5No fim da semana, quando voltamos para o navio, todos os discípulos, com suas esposas e filhos, desceram conosco à praia, onde nos ajoelhamos e oramos e fizemos a nossa despedida.
6Então subimos a bordo, e eles voltaram para casa.
7A escala seguinte, depois de deixarmos Tiro, foi Ptolemaida, onde saudamos os irmãos, mas só ficamos um dia com eles.
8Dali prosseguimos para Cesareia, onde ficamos na casa do evangelista Filipe, um dos primeiros sete diáconos.
9Ele tinha quatro filhas virgens que possuíam o dom da profecia.
10Durante a nossa permanência ali de vários dias, um homem chamado Ágabo, que também tinha o dom da profecia, chegou da Judeia
11e nos visitou.
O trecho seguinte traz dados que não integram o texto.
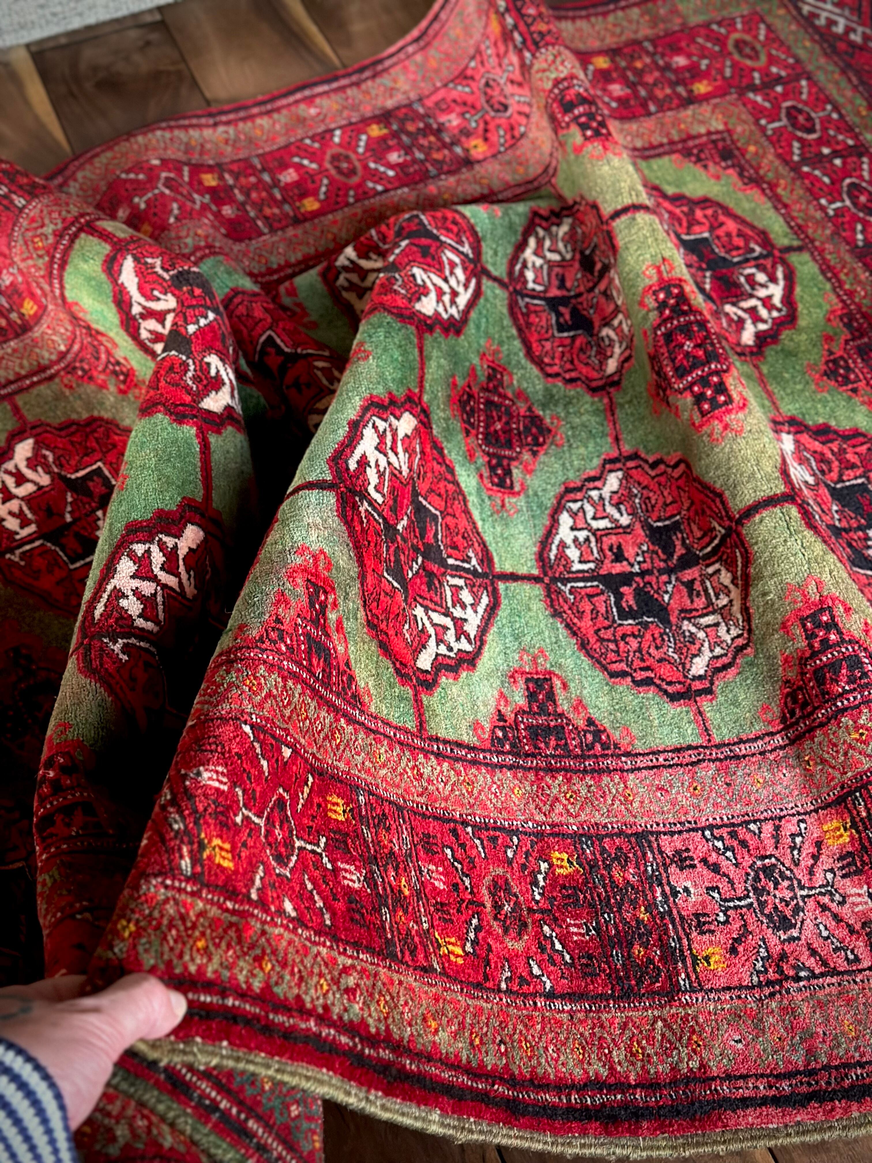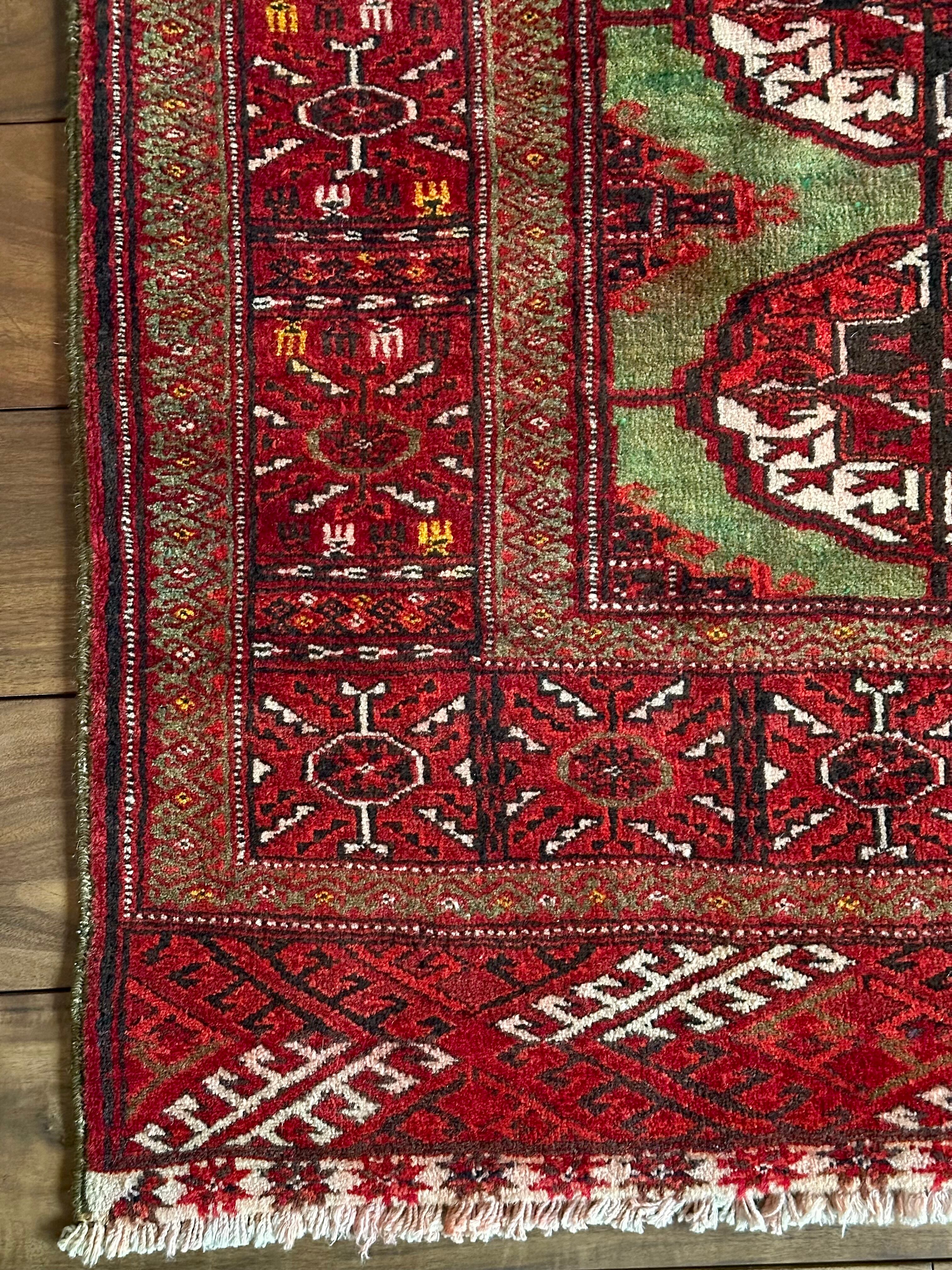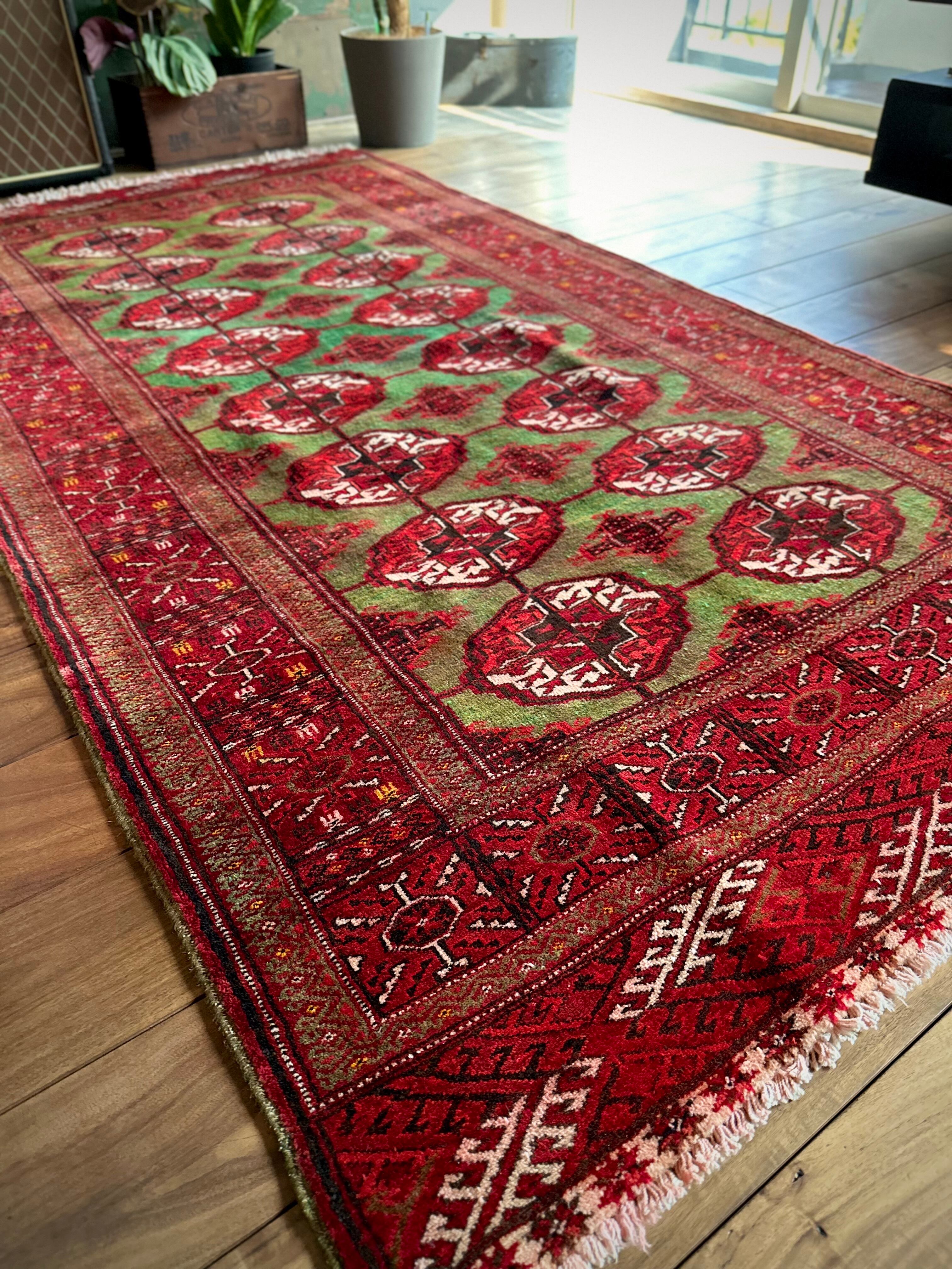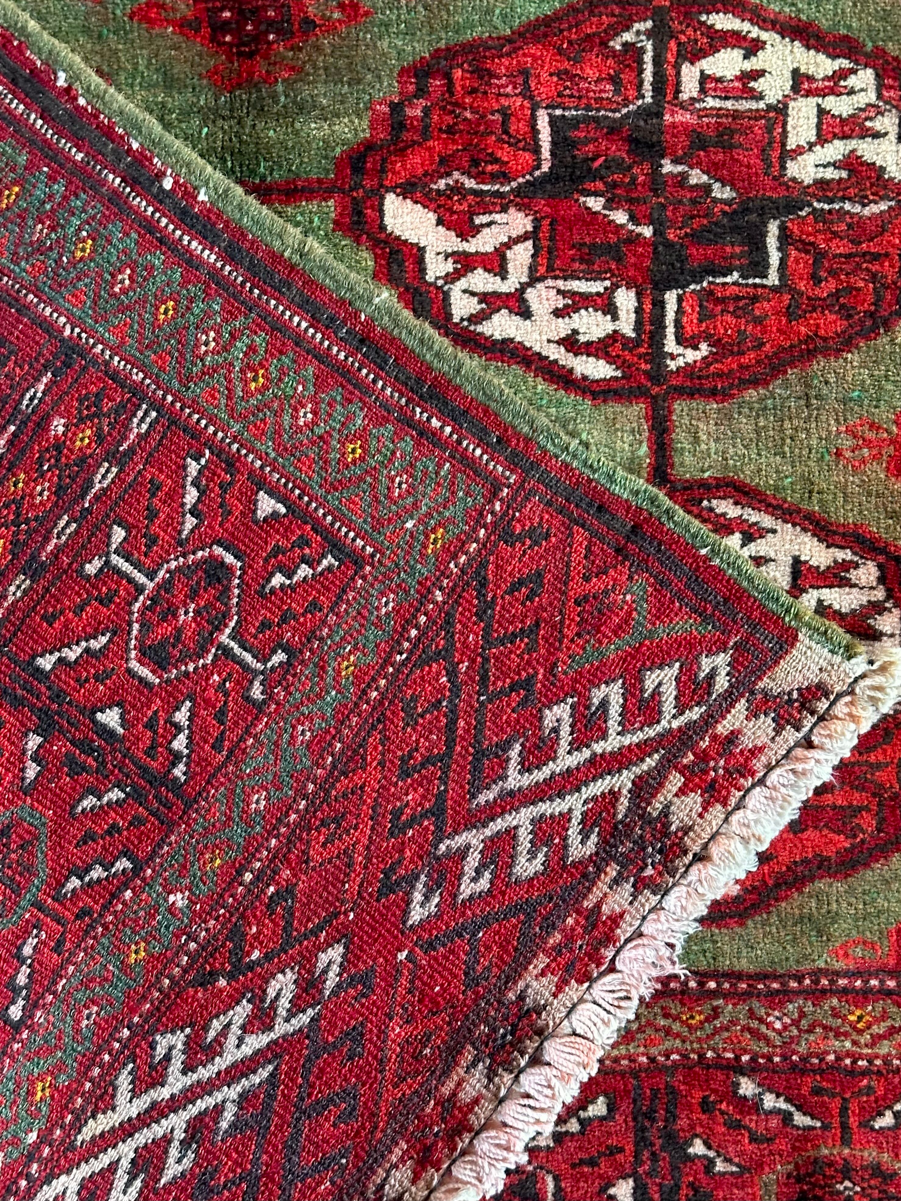 色褪せたセージグリーンに深みのある真紅が対照的でかっこいい、アフガニスタン北部に居住するトルクメン族のトライバルラグで、テッケギュルの連続紋様にボーダー部の細かな模様が威風堂々とした貫禄のある1枚になります。

Ágabo tomou o cinto de Paulo, amarrou com ele os próprios pés e as mãos, e disse: “O Espírito Santo afirma: ‘Assim o dono deste cinto será amarrado pelos judeus de Jerusalém e entregue aos gentios’ ”.
12Ao ouvir isto, todos nós — os servos de Cristo do lugar e os companheiros dele de viagem — suplicávamos a Paulo que não seguisse para Jerusalém.
13Porém Paulo disse: “Por que vocês estão chorando? Por que vocês estão despedaçando o meu coração? Pois eu estou pronto não somente a ser preso em Jerusalém, mas também a morrer por causa do Senhor Jesus!”
14Quando se tornou evidente que não podíamos mudar a opinião de Paulo, desistimos e dissemos: “Seja feita a vontade do Senhor”.
15Logo depois disso, arrumamos a nossa bagagem e partimos para Jerusalém.
16Alguns discípulos de Cesareia nos acompanharam, e ao chegar nos hospedamos na casa de Mnasom, nascido em Chipre, um dos primeiros discípulos.
17Quando chegamos em Jerusalém, os irmãos nos receberam com muita alegria.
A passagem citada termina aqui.